We can query for the GPS time of a given event:

In [3]:
from gwosc.datasets import event_gps
gps = event_gps('GW170817')
print(gps)

1187008882.4


<div class="alert alert-info">All of these times are returned in the GPS time system, which counts the number of seconds that have elapsed since the start of the GPS epoch at midnight (00:00) on January 6th 1980. LOSC provides a <a href="https://losc.ligo.org/gps/">GPS time converter</a> you can use to translate into datetime, or you can use <a href="https://gwpy.github.io/docs/stable/time/"><code>gwpy.time</code></a>.</div>

We can query for the GPS time interval for an observing run:

In [4]:
from gwosc.datasets import run_segment
print(run_segment('S6'))

(931035615, 971622015)


## Querying for data files

### Events during O1

The `gwosc.locate` module provides a function to find the URLs of data files associated with a given dataset.

For event datasets, one can get the list of URLs using only the event name:

In [5]:
from gwosc.locate import get_event_urls
urls = get_event_urls('GW150914')
print(urls)

['https://www.gw-osc.org/catalog/GWTC-1-confident/data/GW150914/H-H1_GWOSC_4KHZ_R1-1126259447-32.hdf5', 'https://www.gw-osc.org/catalog/GWTC-1-confident/data/GW150914/L-L1_GWOSC_4KHZ_R1-1126259447-32.hdf5', 'https://www.gw-osc.org/catalog/GWTC-1-confident/data/GW150914/H-H1_GWOSC_4KHZ_R1-1126257415-4096.hdf5', 'https://www.gw-osc.org/catalog/GWTC-1-confident/data/GW150914/L-L1_GWOSC_4KHZ_R1-1126257415-4096.hdf5']


By default, this function returns all of the files associated with a given event, which isn't particularly helpful.
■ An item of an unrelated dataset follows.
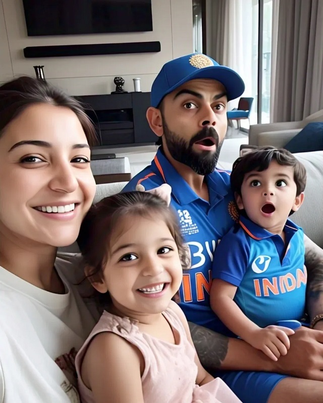 ਇਸ ਸਭ ਦੇ ਵਿਚਕਾਰ ਅਨੁਸ਼ਕਾ-ਵਿਰਾਟ ਦੀ ਇੱਕ ਫੋਟੋ ਵਾਇਰਲ ਹੋ ਰਹੀ ਹੈ ਜਿਸ ਵਿੱਚ ਉਹ ਦੋ ਬੱਚਿਆਂ ਨਾਲ ਸੈਲਫੀ ਲੈਂਦੇ ਦਿਖਾਈ ਦੇ ਰਹੇ ਹਨ। ਇਸਨੂੰ ਦੇਖ ਕੇ ਯੂਜ਼ਰ ਦਾਅਵਾ ਕਰ ਰਹੇ ਹਨ ਕਿ ਇਹ ਅਕਾਏ ਅਤੇ ਵਾਮਿਕਾ ਹਨ। ਦਰਅਸਲ ਬੱਚਿਆਂ ਨਾਲ ਅਨੁਸ਼ਕਾ ਅਤੇ ਵਿਰਾਟ ਦੀ ਇਹ ਫੋਟੋ ਇੱਕ ਫੈਨ ਪੇਜ 'ਤੇ ਸ਼ੇਅਰ ਕੀਤੀ ਗਈ ਸੀ ਜਿਸ ਵਿੱਚ ਵਿਰਾਟ ਅਤੇ ਉਨ੍ਹਾਂ ਦੀ ਗੋਦੀ ਵਿੱਚ ਬੈਠੇ ਬੱਚੇ ਨੇ ਭਾਰਤੀ ਕ੍ਰਿਕਟ ਟੀਮ ਦੀ ਜਰਸੀ ਪਾਈ ਹੋਈ ਹੈ।

However, we can can filter on any of these by using keyword arguments, for example to get the URL for the 32-second file for the LIGO-Livingston detector:

In [6]:
urls = get_event_urls('GW150914', duration=32, detector='L1')
print(urls)

['https://www.gw-osc.org/catalog/GWTC-1-confident/data/GW150914/L-L1_GWOSC_4KHZ_R1-1126259447-32.hdf5']


### Events during O2

For events during O2 (and beyond), we can also the list of URLs

In [7]:
urls = get_event_urls('GW170817')
print(urls)

['https://www.gw-osc.org/catalog/GWTC-1-confident/data/GW170817/G-G1_GWOSC_4KHZ_R1-1187008867-32.hdf5', 'https://www.gw-osc.org/catalog/GWTC-1-confident/data/GW170817/H-H1_GWOSC_4KHZ_R1-1187008867-32.hdf5', 'https://www.gw-osc.org/catalog/GWTC-1-confident/data/GW170817/L-L1_GWOSC_4KHZ_R1-1187008867-32.hdf5', 'https://www.gw-osc.org/catalog/GWTC-1-confident/data/GW170817/V-V1_GWOSC_4KHZ_R1-1187008867-32.hdf5', 'https://www.gw-osc.org/catalog/GWTC-1-confident/data/GW170817/G-G1_GWOSC_4KHZ_R1-1187006835-4096.hdf5', 'https://www.gw-osc.org/catalog/GWTC-1-confident/data/GW170817/H-H1_GWOSC_4KHZ_R1-1187006835-4096.hdf5', 'https://www.gw-osc.org/catalog/GWTC-1-confident/data/GW170817/L-L1_GWOSC_4KHZ_R1-1187006835-4096.hdf5', 'https://www.gw-osc.org/catalog/GWTC-1-confident/data/GW170817/V-V1_GWOSC_4KHZ_R1-1187006835-4096.hdf5']


We could select one with keywords:

In [8]:
urls = get_event_urls('GW170817', duration=4096, detector='V1')
print(urls)

['https://www.gw-osc.org/catalog/GWTC-1-confident/data/GW170817/V-V1_GWOSC_4KHZ_R1-1187006835-4096.hdf5']


# Exercises

Now that you've seen examples of how to query for dataset information using the `gwosc` package, please try and complete the following exercies using that interface:

- How many months did S6 last?
- How many events were detected during O1?
- Which event releases include data for the Virgo detector?